Problem statement:
Write each entry again exactly as shown, but without the images it holds.

——————————

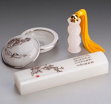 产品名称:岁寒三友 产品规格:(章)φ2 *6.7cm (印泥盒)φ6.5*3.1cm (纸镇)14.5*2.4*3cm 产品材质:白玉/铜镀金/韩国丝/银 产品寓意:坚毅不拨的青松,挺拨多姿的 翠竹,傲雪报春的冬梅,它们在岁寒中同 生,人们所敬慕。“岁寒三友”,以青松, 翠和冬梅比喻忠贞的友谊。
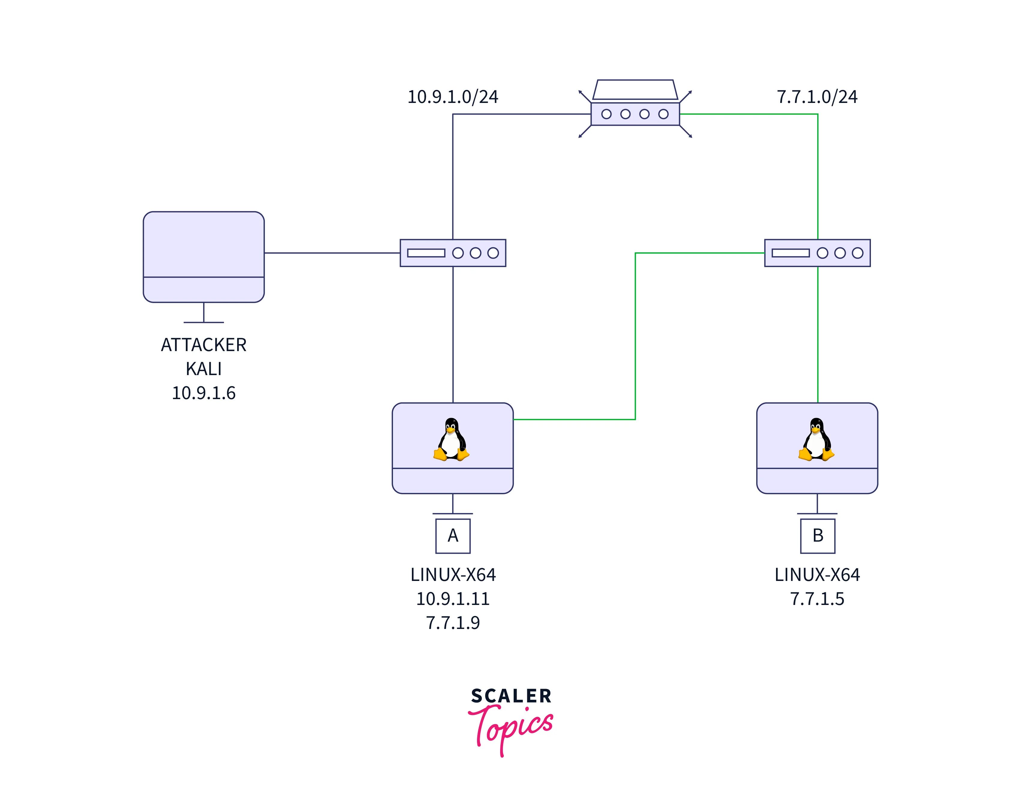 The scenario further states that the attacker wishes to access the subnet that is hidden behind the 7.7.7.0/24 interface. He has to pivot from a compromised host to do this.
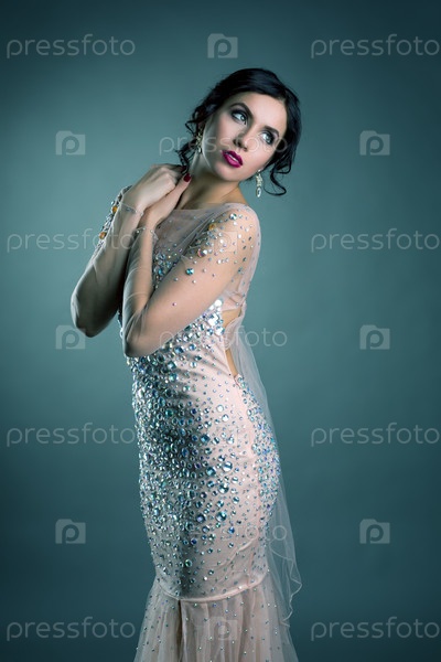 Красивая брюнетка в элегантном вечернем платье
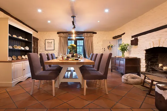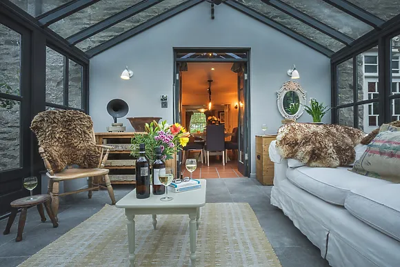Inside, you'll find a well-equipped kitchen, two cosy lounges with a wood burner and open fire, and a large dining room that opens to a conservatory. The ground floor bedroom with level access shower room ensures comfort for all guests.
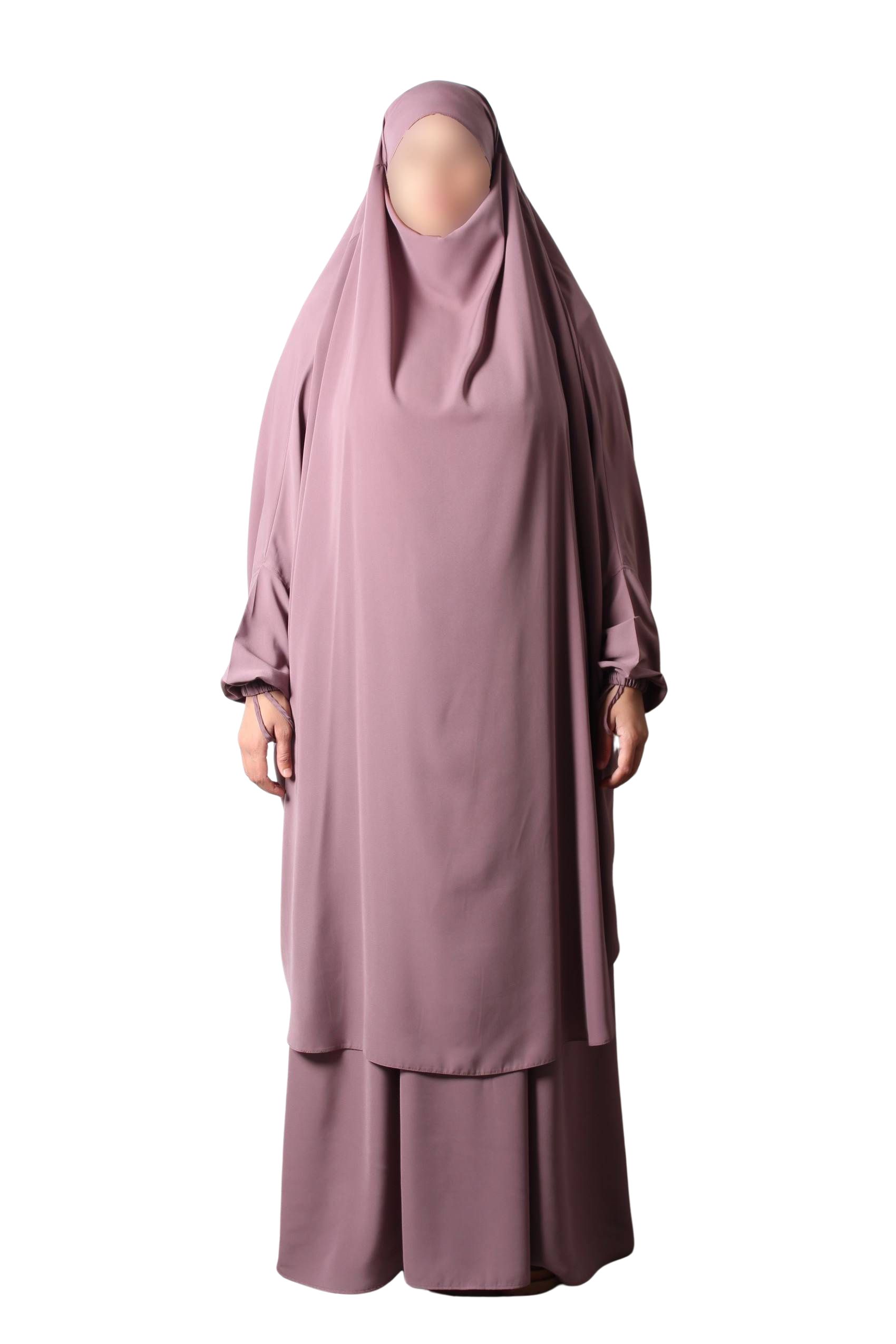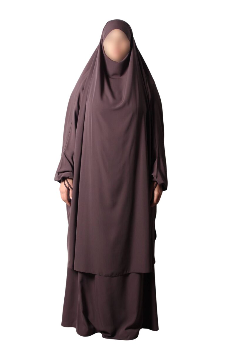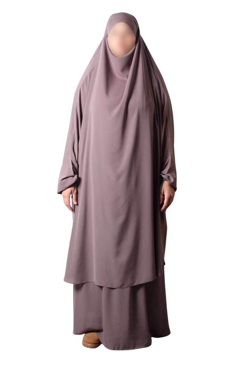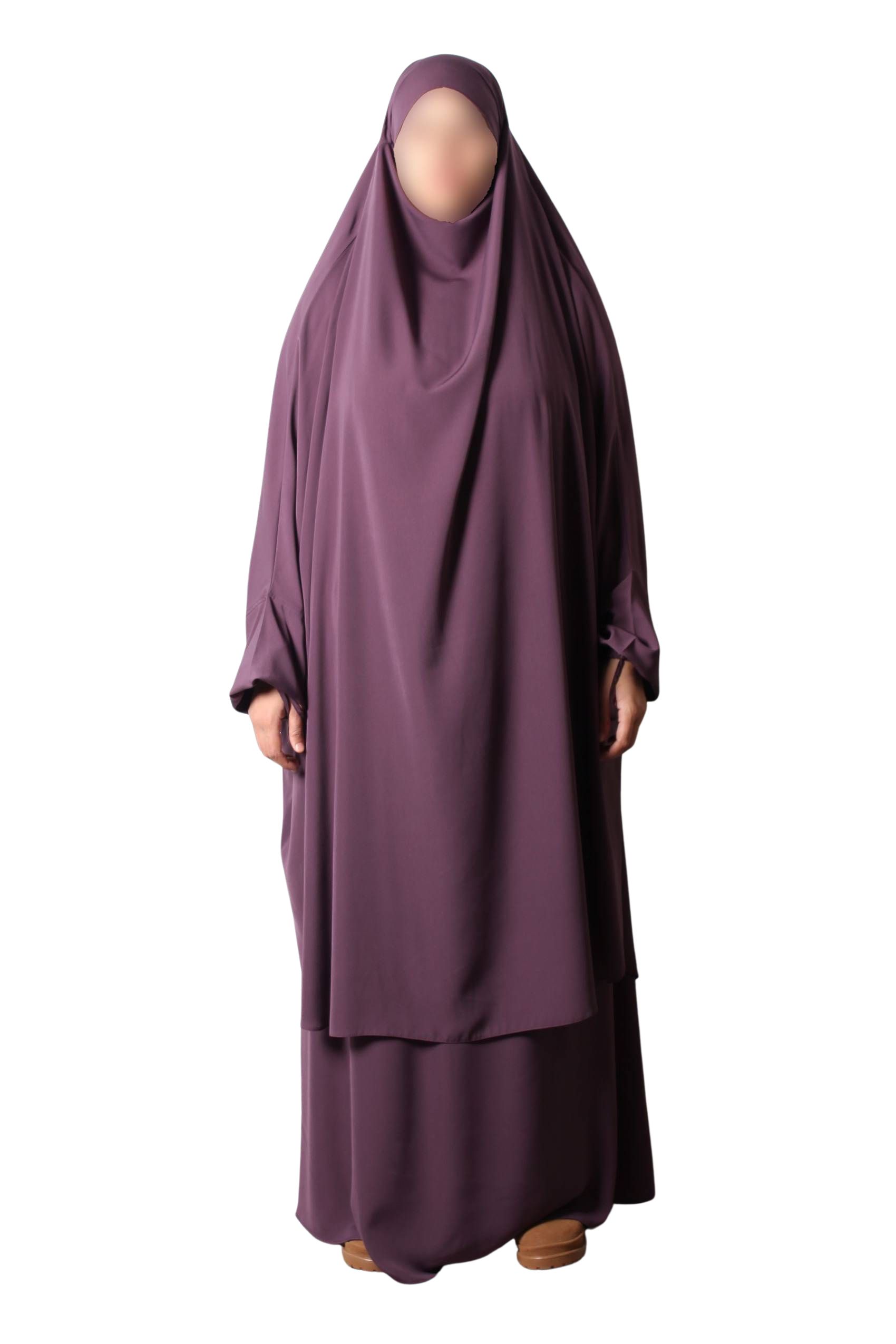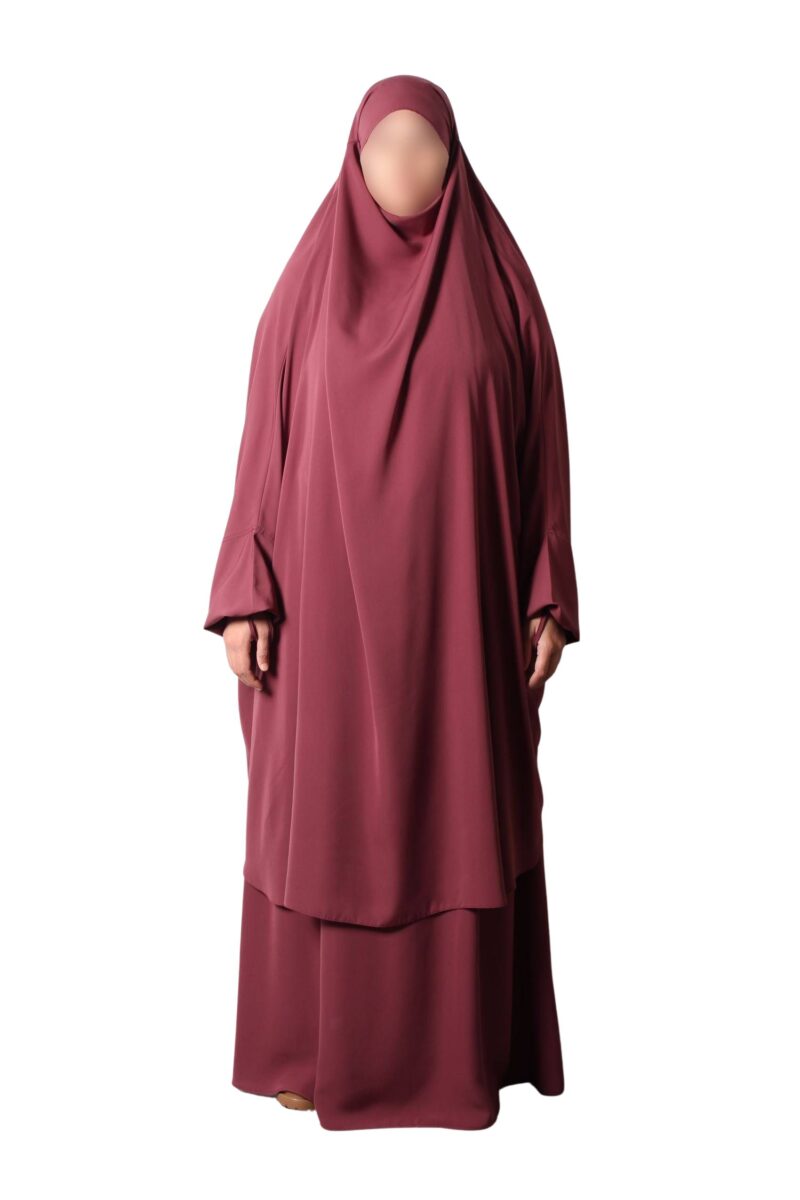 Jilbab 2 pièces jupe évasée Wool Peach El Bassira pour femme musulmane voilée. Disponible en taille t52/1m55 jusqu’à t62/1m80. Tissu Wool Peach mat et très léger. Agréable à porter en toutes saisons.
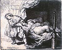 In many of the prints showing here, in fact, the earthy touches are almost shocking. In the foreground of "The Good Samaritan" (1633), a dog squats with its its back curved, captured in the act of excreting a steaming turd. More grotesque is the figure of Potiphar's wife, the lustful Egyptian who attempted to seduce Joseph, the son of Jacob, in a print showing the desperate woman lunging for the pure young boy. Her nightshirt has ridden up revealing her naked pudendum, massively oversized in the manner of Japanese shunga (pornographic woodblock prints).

——————————

Solution to the exercise:
 产品名称:岁寒三友 产品规格:(章)φ2 *6.7cm (印泥盒)φ6.5*3.1cm (纸镇)14.5*2.4*3cm 产品材质:白玉/铜镀金/韩国丝/银 产品寓意:坚毅不拨的青松,挺拨多姿的 翠竹,傲雪报春的冬梅,它们在岁寒中同 生,人们所敬慕。“岁寒三友”,以青松, 翠和冬梅比喻忠贞的友谊。
 The scenario further states that the attacker wishes to access the subnet that is hidden behind the 7.7.7.0/24 interface. He has to pivot from a compromised host to do this.
 Красивая брюнетка в элегантном вечернем платье
Inside, you'll find a well-equipped kitchen, two cosy lounges with a wood burner and open fire, and a large dining room that opens to a conservatory. The ground floor bedroom with level access shower room ensures comfort for all guests.
 Jilbab 2 pièces jupe évasée Wool Peach El Bassira pour femme musulmane voilée. Disponible en taille t52/1m55 jusqu’à t62/1m80. Tissu Wool Peach mat et très léger. Agréable à porter en toutes saisons.
 In many of the prints showing here, in fact, the earthy touches are almost shocking. In the foreground of "The Good Samaritan" (1633), a dog squats with its its back curved, captured in the act of excreting a steaming turd. More grotesque is the figure of Potiphar's wife, the lustful Egyptian who attempted to seduce Joseph, the son of Jacob, in a print showing the desperate woman lunging for the pure young boy. Her nightshirt has ridden up revealing her naked pudendum, massively oversized in the manner of Japanese shunga (pornographic woodblock prints).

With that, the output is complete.